Кэл понимает, что она интересуется его состоянием после разрыва с женой, его безрадостными личными обстоятельствами. Но она делает вид, что спрашивает о другом. Потому что говорить о работе легче.
– После истории Лейлы Маккейн, – он говорит медленно, мысленно возвращаясь к своему последнему делу, – я не могу найти тему для следующего подкаста. Точнее, выбрать историю, которую мне хотелось бы рассказать. Их так много, я не могу остановиться ни на одной. На самом деле меня волнует лишь одна история – история Марго.
Дело и правда не в отсутствии возможностей. После подкаста о Лейле Кэла засыпали отчаянными мольбами семьи, которые всю жизнь ищут ответы на вопросы о своих пропавших или убитых родственниках. Читать их электронные письма очень тяжело. Потому что знаешь, что не можешь помочь большинству измученных неизвестностью людей. Некоторые письма просто разрывают душу.
– Вы не можете рассказать эту историю. Пока…
– Знаю. – Уронив голову на руки, Кэл издает стон безысходности. – А что, если мы не найдем Марго? Что тогда?
Фулдс не отвечает. Они молча пьют чай. Кэл изучает стол, в сотый, нет, в тысячный раз задаваясь вопросом: что сейчас, в данную минуту, делает Джейсон Барр?
– Я собираюсь уехать в Шотландию на выходные, – наконец произносит Кэл. – Точнее, на неделю. Но, может, я еще отменю поездку. Это я так, на всякий случай, вам говорю.
Детектив кивает:
– Думаю, вам следует поехать. Я позвоню вам в ту же секунду, как только мы что-нибудь найдем. Обещаю. – Фулдс допивает последний глоток и отодвигает свой стул, не отводя глаз от Кэла. – Тем более что это путешествие убережет вас от искушения вновь заняться любительской слежкой.
– Я больше не буду следить за Барром.
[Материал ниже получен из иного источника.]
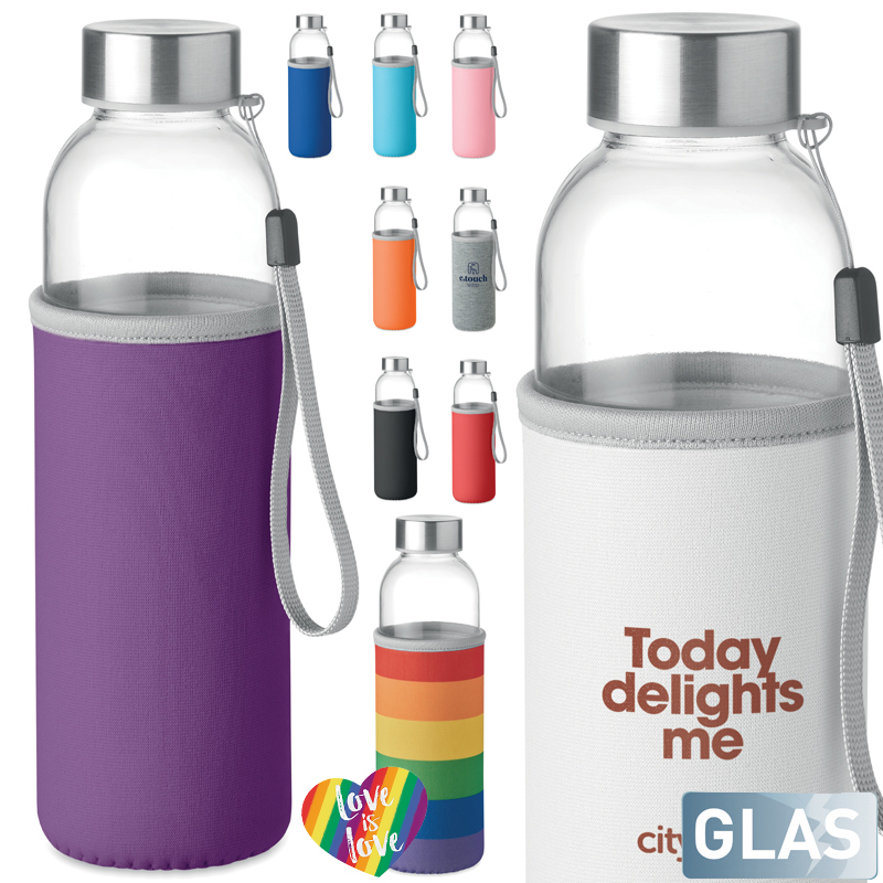 Glazen drinkfles met neopreen tasje.
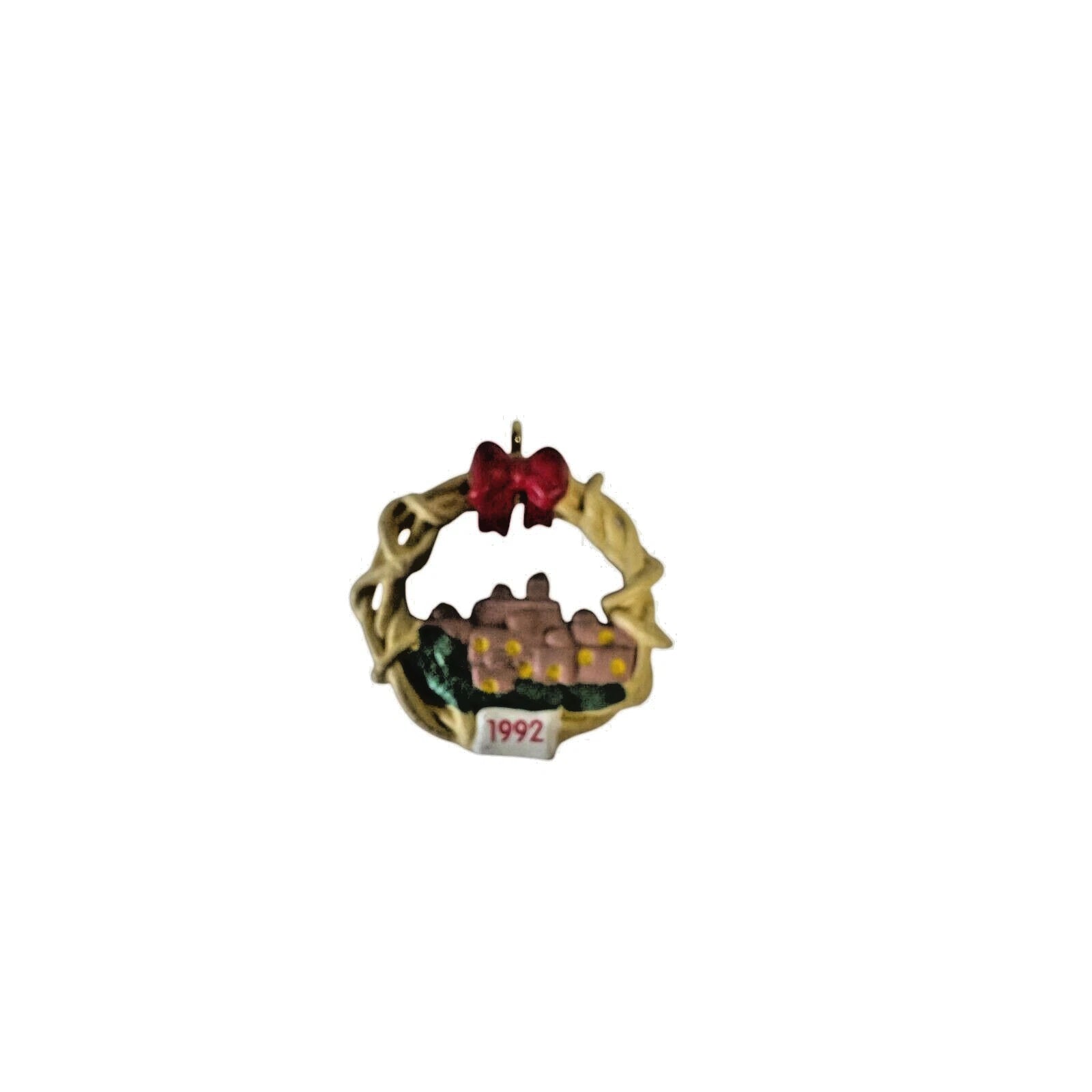 Step into a serene nativity setting with the 1992 Little Town of Bethlehem miniature ornament. This charming piece showcases a tiny stylized Bethlehem nestled inside a wreath adorned with a festive red bow, with the year “1992” displayed prominently below. Designed in miniature form (approximately 1″ diameter), it's perfect for tabletop trees or small-scale displays. The ornament includes the original box and hang tag—ideal for mint-in-box collectors. There are no lights, motion, or sound—no batteries, cords, or power needed—ready to display straight from the box.
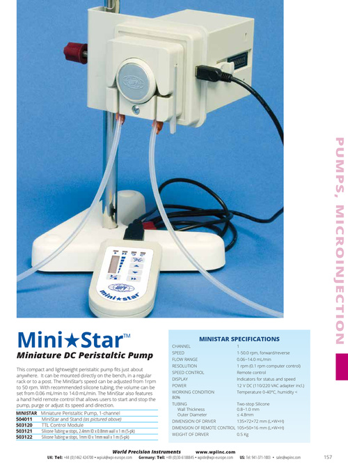This compact and lightweight peristaltic pump fits just about anywhere. It can be mounted directly on the bench, in a regular rack or to a post. The MiniStar’s speed can be adjusted from 1rpm to 50 rpm. With recommended silicone tubing, the volume can be set from 0.06 mL/min to 14.0 mL/min. The MiniStar also features a hand held remote control that allows users to start and stop the pump, purge or adjust its speed and direction. MINISTAR 504011 503120 503121 503122 Miniature Peristaltic Pump, 1-channel MiniStar and Stand (as pictured above) TTL Control Module Silicone Tubing w stops, 2 .4mm ID x 0 .8mm wall x 1 m (5-pk) Silicone Tubing w stops, 1mm ID x 1mm wall x 1 m (5-pk)

Я осознал, что это было глупо.
Фулдс выгибает бровь:
– Барр очень осторожен и хитер. Нам нельзя проколоться. Понятно?
– Понятно…
– Я серьезно, Кэл. Больше никаких слежек за Барром.
Посыл ясен. Он не должен подставляться и мешать полицейскому расследованию. Все должно подчиняться уставу и букве закона.
– Я вас услышал.
Фулдс понижает голос:
– Я разыскиваю свидетелей тех лет, когда Барр был вышибалой. У меня возникло подозрение, что он неофициально подрабатывал в том клубе, в который любила ходить Марго. Мы не сидим сложа руки, мы собираем пазл по кусочкам. Вам нужно набраться терпения.
– Я стараюсь.
– Я понимаю вас, Кэл, – говорит детектив. – Правда, понимаю. И если Барр виновен, я с большим удовлетворением заставлю его заплатить по счетам.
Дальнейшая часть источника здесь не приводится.